◆ **Exercise instructions**
Transcribe every line of the material below without change, apart from dropping the pictures.

Raw data Block Start

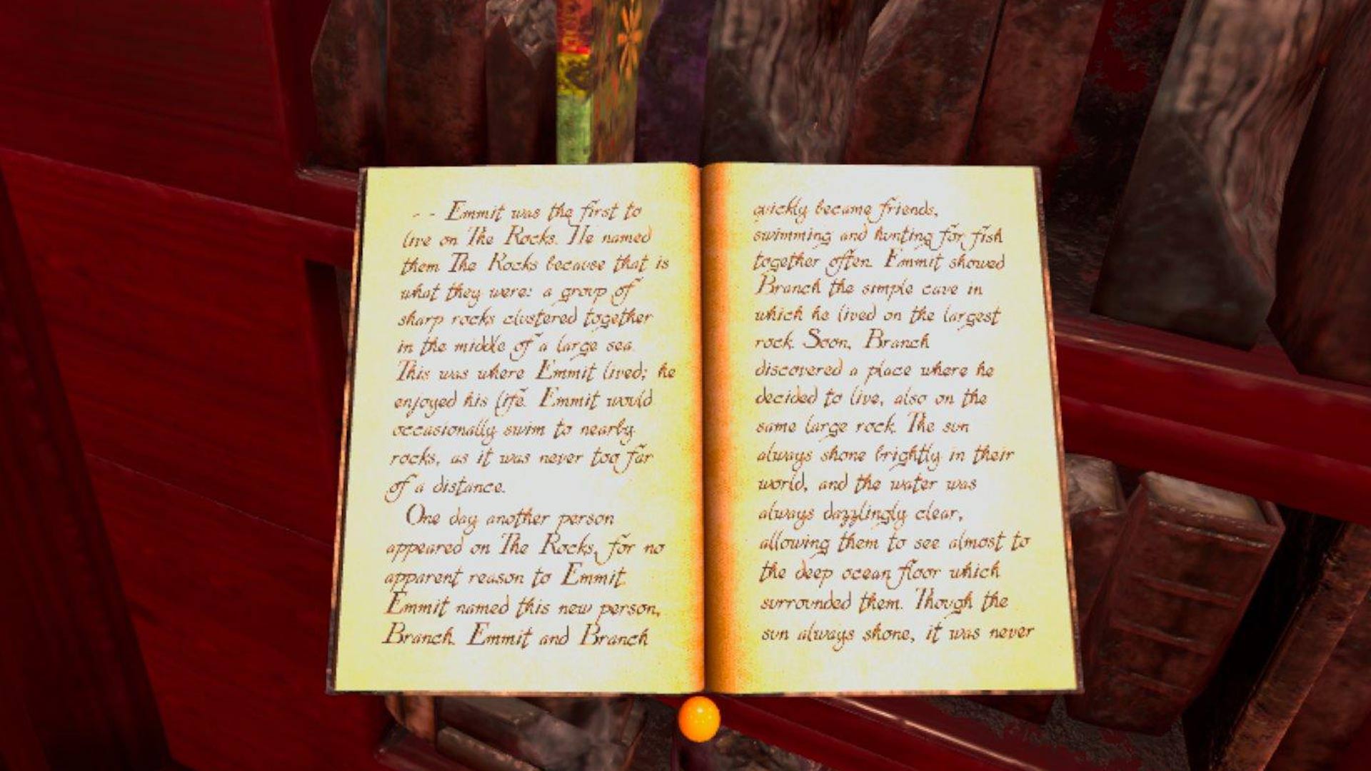 Reading in the game is actually a pretty natural experience, making books more like real objects that draw in your curiosity than on-screen manuals that you mechanically click through until you get to the good bits. A central library houses all of the game’s books, which does some of the heavy lifting in terms of world building. And the books aren’t written guides as such; some have clues and diagrams and some just tell the story of the benevolent Atrus and his two boys, Sirrus and Achenar.
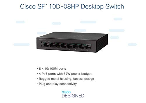 Switch non gestito Cisco SF110D-08HP con 8 porte 32W 10/100 PoE, protezione limitata a vita (SF110D-08HP-EU)
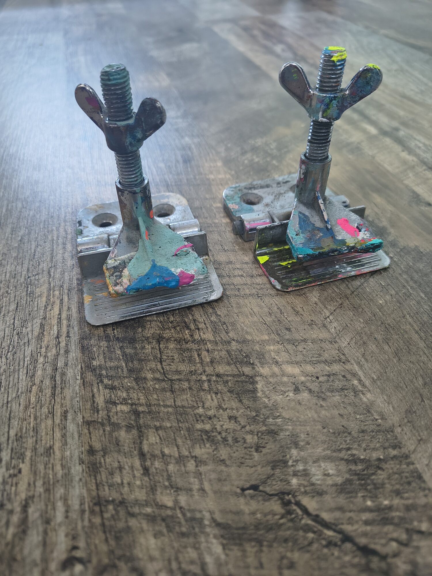 Aangeboden: 10 gebruikte tafelklemmen voor zeefdruk.

Raw data Block End

◆ **Written solution**
 Reading in the game is actually a pretty natural experience, making books more like real objects that draw in your curiosity than on-screen manuals that you mechanically click through until you get to the good bits. A central library houses all of the game’s books, which does some of the heavy lifting in terms of world building. And the books aren’t written guides as such; some have clues and diagrams and some just tell the story of the benevolent Atrus and his two boys, Sirrus and Achenar.
 Switch non gestito Cisco SF110D-08HP con 8 porte 32W 10/100 PoE, protezione limitata a vita (SF110D-08HP-EU)
 Aangeboden: 10 gebruikte tafelklemmen voor zeefdruk.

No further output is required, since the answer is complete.